Этот основной религиозный акт, как показано в главах шестой и седьмой, определяет собой – и веруемые содержания, и способ единоличной и совместной молитвы, и нравственный уклад верующей души в ее настроениях и деяниях, и миссионерскую практику, и строение церковной иерархии. Так, это было не случайно, а естественно и необходимо, что мироотречный акт Будды распространялся среди монахов-аскетов, искавших прижизненного умирания, и оставлял их без религиозного гнозиса и догмата; это не случайно, что религиозный акт Зороастра будил в своих последователях активную верность Ахура-Мазде и не учил проповеди среди неверных «сынов Аримана»; это естественно и понятно, что волевой и властный католицизм ушел в законничество и воинственность, что обрядность его стала культивировать внешнюю помпезность, а этика его выработала своеобразную аптеку простимого греха. И так везде и во всем. Основной дар всякой церкви есть ее религиозный акт и им определяются все другие религиозные дары ее: ее храмы, ее изображения Божества, ее отношение к писанию и преданию, ее догматические формулы, ее богослужение и ее культура молитвы, ее концепция духовенства, ее понимание святости и чуда. Все эти дары не извлекаются человеком из его личного опыта; все это – создания той великой, вековой человеческой «совместности», которая бережет полученное ею Откровение и именуется религиозной «общиной» или Церковью.
Начнем с храма.
Пока человек остается земнородным существом, – душевно-телесным, протяженно-пространственным, личным и множественным, – ему неизбежно вводить созерцаемого им Бога в свои «категории», как бы «выражать» Его на языке своей земнородности. Человек, прочувствовавший неизреченность Божества, все-таки говорит о Его вездесущии; человек, исповедующий, что Бог – везде и повсюду, все-таки строит Ему храм. Храм есть как бы «земное жилище» неземного и вездесущего Бога: для язычника – полу-присутствие самого бога в обличии «идола», этого «сосуда» «божия» или «представителя» одного из «богов»; для христианина – место обретения Бога через молитву, место единения с Богом через таинство. Пусть «вся земля» есть «подножие ног Его» и вся вселенная есть «невмещающее» «вместилище» Его; и тем не менее это малое храмовое «здесь» переживается как Его нарочитая «обитель». Понятно, что эта обитель должна быть достойна Обитающего: она должна как бы предвозвещать Его на языке земных форм, земной пропорции-гармонии, земного символизирующего художества: она должна являть то, что явилось верующим в Откровении; и на этом пути она становится отображением религиозного опыта, «застывшим глаголом» религиозно-церковного акта. Это отображение и предвозвещение удается людям не всегда: не все храмы религиозно выразительны, не все служат «богопоказанию». Но замысел показать как бы «тень» самого Бога в обличии Его жилища – присущ всякому храму по существу.

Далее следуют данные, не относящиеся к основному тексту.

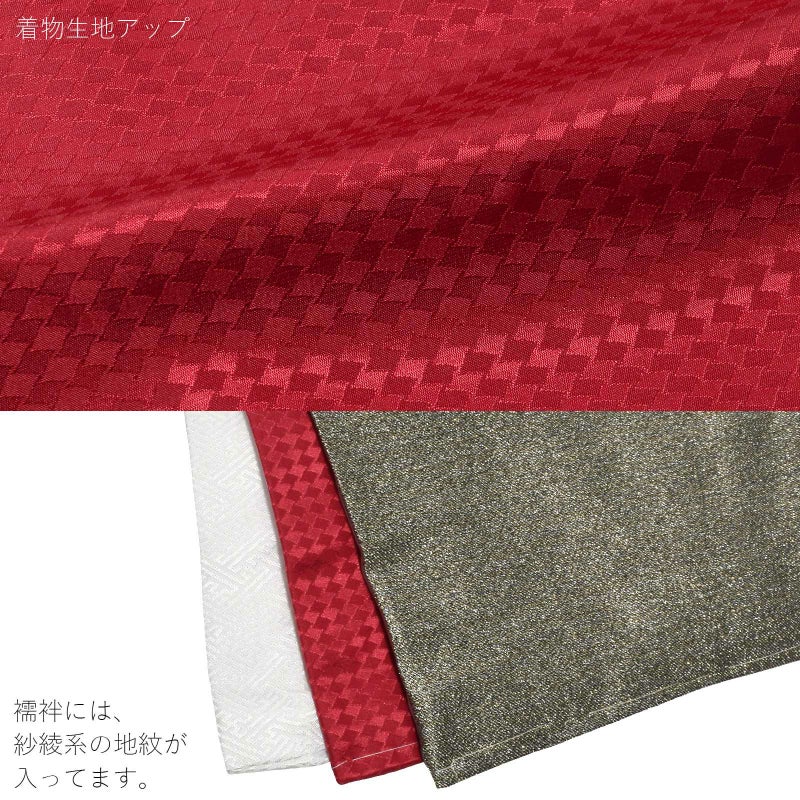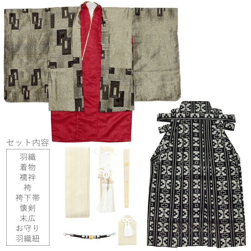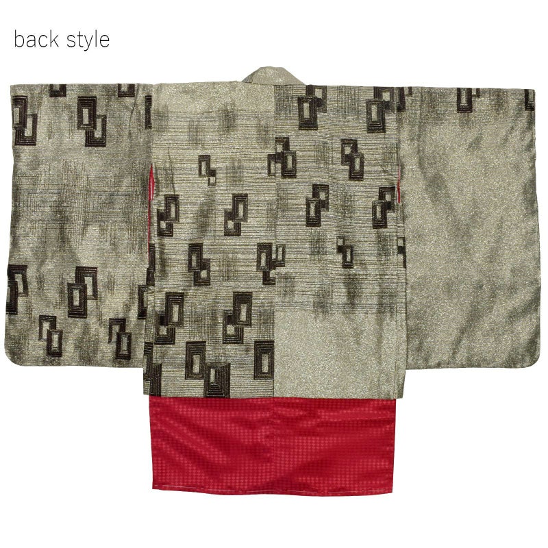 羽織は全体的にキラキラと輝きのあるアッシュゴールドの地に、黒の細い線で不規則な格子、こげ茶と黒の四角を組み合わせた模様。着物は菱形の地模様に深い赤。白の襦袢と金の重ね衿がついています。袴は黒地にグレーの十字を組み合わせた模様です。アイボリーの地に金のラインの帯とお守りセット。

Так, есть храмы, которые построены страхом, испуганной фантазией, созерцающей тысячу страшных химер, глядящих со стен храма; они и внушают людям страх перед хаосом мнимо-божественного мира (таковы башни «Великого Храма» в Мадуре, Индия;[163] такова же башня великого храма Вишну, в Кумбаконаме, южная Индия[164]).
Есть храмы, построенные как бы хоровым пением, многоголосым, но унисонным хоралом; перед нами «пэан» божественной чистоте и бесстрастной красоте; колонное множество в согласии; величественная простота, вечно шествующая в многомолении (таков Парфенон на афинском Акрополе[165]).
Есть храмы, построенные блаженной мечтой о неосуществимой на земле праведности, о ее царственном покое и неомрачаемом свете (таковы некоторые пагоды в Пагане, Бирма[166]).
Храмы огнепоклонников строились из жажды света, как бы светопроливающими, всеоткрытыми и отовсюду видными.[167]
Мусульманский храм символизирует своим великим куполом единого Бога (Алла иль Алла) и своим минаретом – его пророка (Магометассул Алла); и обычно линии его просты, как его мораль, властны, как его вера, изящно-повторны, как стиль Корана.
Понятно, о чем призваны петь в молчании христианские храмы.
Православные храмы говорят о благостном упокоении в любви, о царственном смирении, о тихой молитве, о радости воскресения, о мечте всеединения (Дмитровский собор во Владимире), о милостивом материнском укрытии (Покрова на Нерли), о соборном единении в матери Церкви (церковь кладбища в Кижах), о предустановленной гармонии в многообразии (Василий Блаженный); они овеяны духом древле-евангельским. Совсем об ином безмолвствуют храмы Западной Европы: почти каждый из них приближается к крепостной твердыне и свидетельствует о человеческом самоутверждении перед лицом Божиим: это – земная сила, укоренившаяся в вере, но не знающая ни смирения, ни мироотречности. Эти храмы импонируют человеку массивностью своего построения, но не учат его ни любви, ни свободе, ни духовному преображению. Их дух точно выражается в словах гимна: «Ein’feste Burg ist unser Gott» («Как крепость мощен наш Господь»…). Эти храмы говорят больше всего о власти: то о власти воинского оружия;[168] то о власти небоустремленной воли;[169] то о властно упоенном величии;[170] то о власти доведенного до изящества и всеисчерпывающего теологического аргумента;[171] то, наконец, о власти всеобъемлющего полу-светского авторитета.[172] И самая гармония и красота их, самая многоукрашенность этих храмов (особенно во Франции и Италии) – дышит не евангельским, а светским или языческим духом: это скорее грациозность, элегантность, принаряженность, а не молитва (не говоря уже о светскости барокко).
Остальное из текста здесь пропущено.